Let all vectors be column vectors and identify $\mathbb{R}^n\times \mathbb{R}^n$ with $\mathbb{R}^{2n}$ by stacking the two components, $(\mathbf{x}, \mathbf{y}) = \pmatrix{\mathbf{x}\\\mathbf{y}}.$

The last operation is a function

$$u: \mathbb{R}^{2n} \to \mathbb{R};\quad u(\pmatrix{\mathbf{x}\\\mathbf{y}})=\mathbf{x}^\prime \mathbf{y}.$$

The penultimate operation is

$$v:\mathbb{R}^n \to \mathbb{R}^{2n};\quad v(\mathbf{x})=\pmatrix{\mathbf{x}\\ h(\mathbf{x})}.$$

The first, innermost operation is

$$w:\mathbb{R}^p \to \mathbb{R}^n; \quad w(\mathbf{b}) = y - Xb.$$

Their composition is the function

$$u\circ v \circ w: \mathbb{R}^p {\,\xrightarrow{\ w\ }}\,\mathbb{R}^n\,{\xrightarrow{\ v\ }}\,\mathbb{R}^{2n}\,{\xrightarrow{\ u\ }}\,\mathbb{R}; \quad (u\circ v\circ w)(\mathbf{b}) = u(v(w(\mathbf{b})))=h(\mathbf{b}).$$

The Chain Rule asserts that $h$ is differentiable when each of $u,v,w$ are differentiable and its derivative $Dh:\mathbb{R}^p \to \mathbb{R}$ (which will be written as a $1\times p$ matrix) is the composition of the derivatives (each evaluated at the appropriate values),

$$Dh = Du \circ Dv \circ Dw.$$

You need to find those derivatives.
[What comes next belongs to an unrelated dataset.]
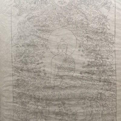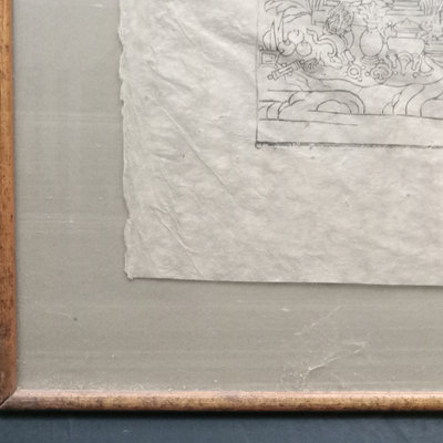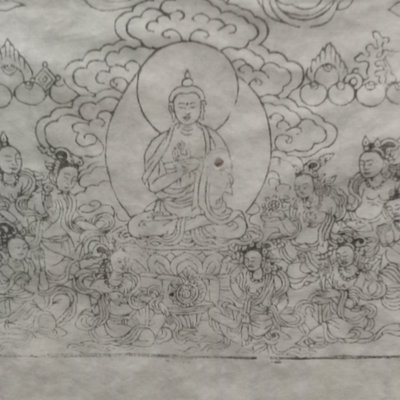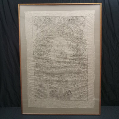 Buddha with his Assembly, original woodcut on rice paper, made in Tibet. Art 32x22, frame 36.5x26.5. 1 piece.
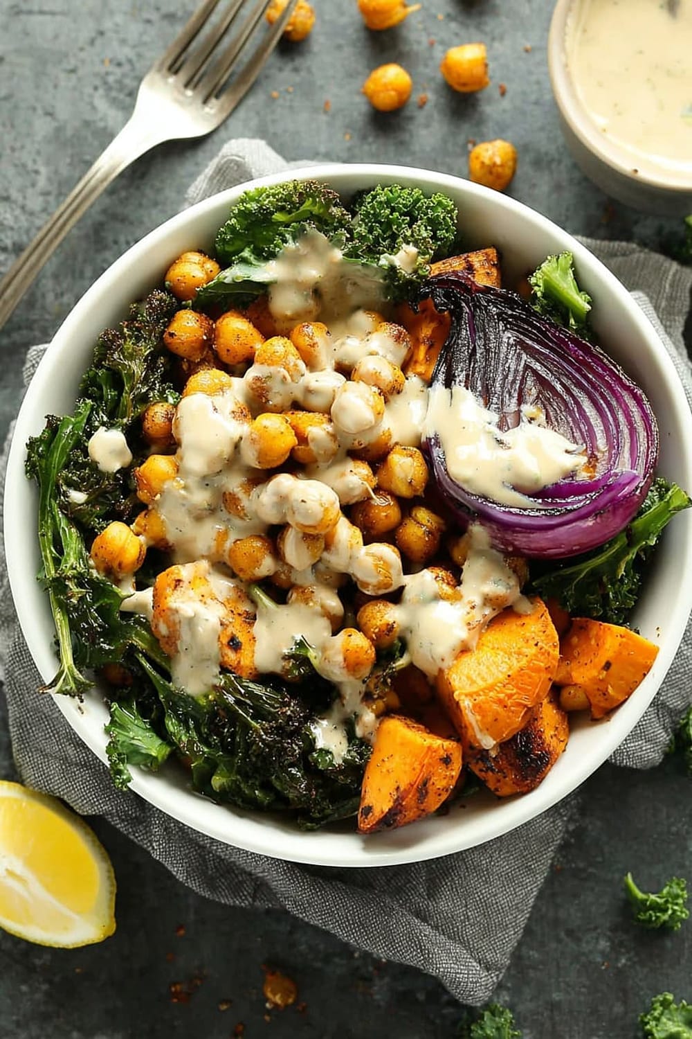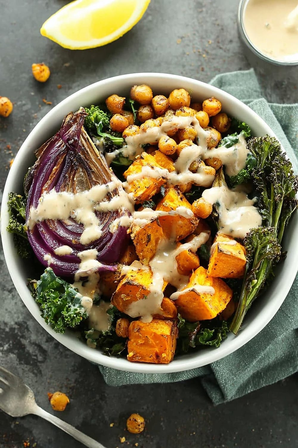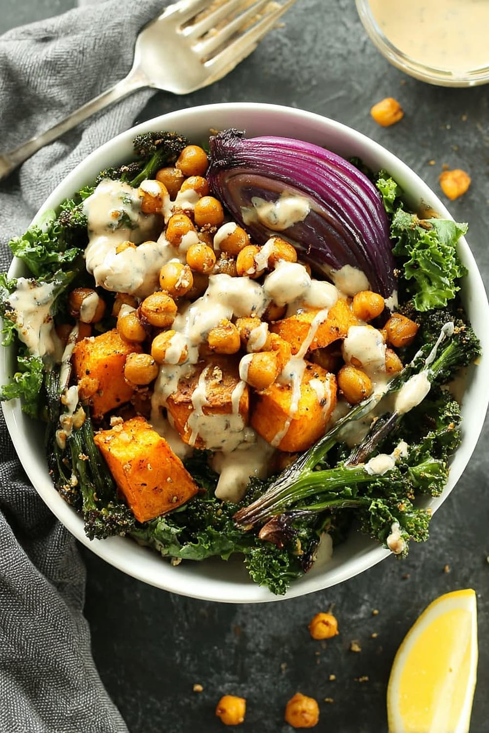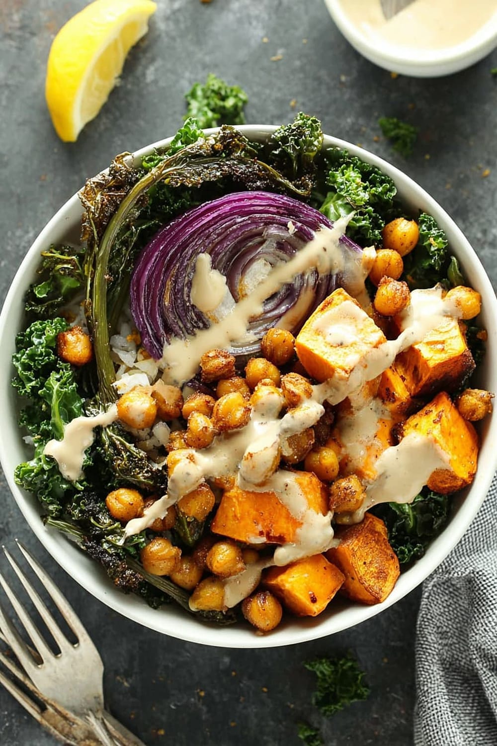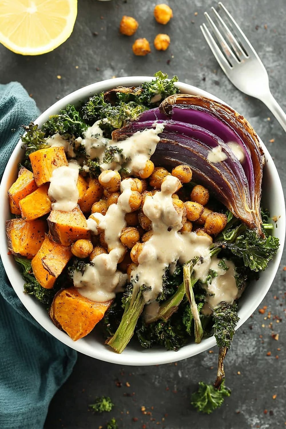 The combination of caramelized sweet potatoes, perfectly spiced chickpeas, and vibrant greens creates a symphony of textures that’ll make your taste buds do a happy dance.

They are

$$(Dw)(\mathbf{b}) = -X,$$

$$(Dv)(\mathbf{x}) = \pmatrix{\mathbb{I}_n \\ (Dh)_\mathbf{x}};\quad \mathbf{x} = w(\mathbf{b});$$

(remember, $Dh$ is an $n\times n$ matrix), and

$$(Du)(\mathbb{x}, \mathbb{y}) = \pmatrix{\mathbf{y},&\mathbf{x}};\quad \mathbf{x}=w(\mathbf{b});\quad \mathbf{y} = h(w(\mathbf{b})).$$

To obtain the answer, do the matrix multiplication and plug in the values $\mathbb{x} = w(\mathbb{b})$ and $\mathbb{y} = h(\mathbb{x}) = h(w(\mathbb{b}))$.


Reference

Michael Spivak, Calculus on Manifolds (1965).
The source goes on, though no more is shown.